Ce principe avait déjà été posé; la levée en masse avait, elle-même, été plusieurs fois proclamée, mais elle n'avait presque rien produit. Le succès de cette mesure dépendrait exclusivement des moyens d'exécution. Danton le savait; aussi, quand Robespierre lui-même tremblait, quand le Comité de salut public hésitait, différait, il ne balança point à demander que le droit de réquisition fût remis aux mains du peuple. Pour assurer le succès de cette grande opération, il fallait de l'argent, et où le trouver, sinon dans les caisses des riches?

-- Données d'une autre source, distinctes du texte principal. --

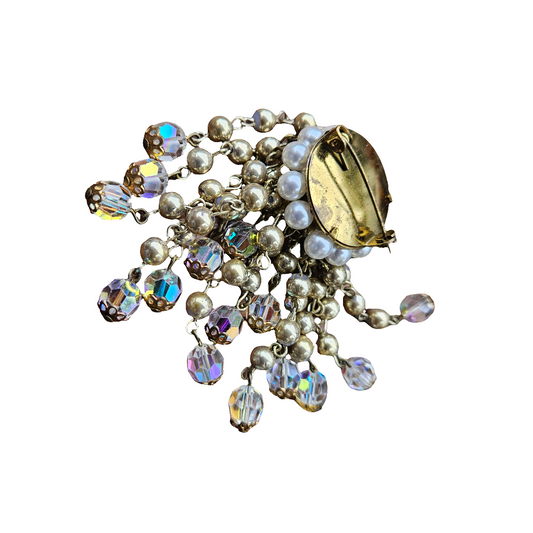 Vintage Cascade Brooch Rhinestone Pearl Waterfall Pin Golden Aurora Borealis

Voulant les sauver d'eux-mêmes, il crut qu'il était bon de les effrayer:
«Si les tyrans mettaient notre liberté en danger, nous les surpasserions en audace, nous dévasterions le sol français avant qu'ils pussent le parcourir, et les riches, ces vils égoïstes, seraient les premiers la proie de la fureur populaire. (Vifs applaudissements: OUI, OUI, s'écrie-t-on dans toutes les parties de la salle et dans les tribunes.) Vous qui m'entendez, répétez ce langage à ces mêmes riches de vos communes; dites-leur: Qu'espérez-vous, malheureux? Voyez ce que serait la France si l'ennemi l'envahissait. Prenez le système le plus favorable: une régence conduite par un imbécile, le gouvernement d'un mineur, l'ambition des puissances étrangères, le morcellement du territoire, dévoreraient vos biens; vous perdriez plus par l'esclavage que par tous les sacrifices que vous pourriez faire pour soutenir la liberté.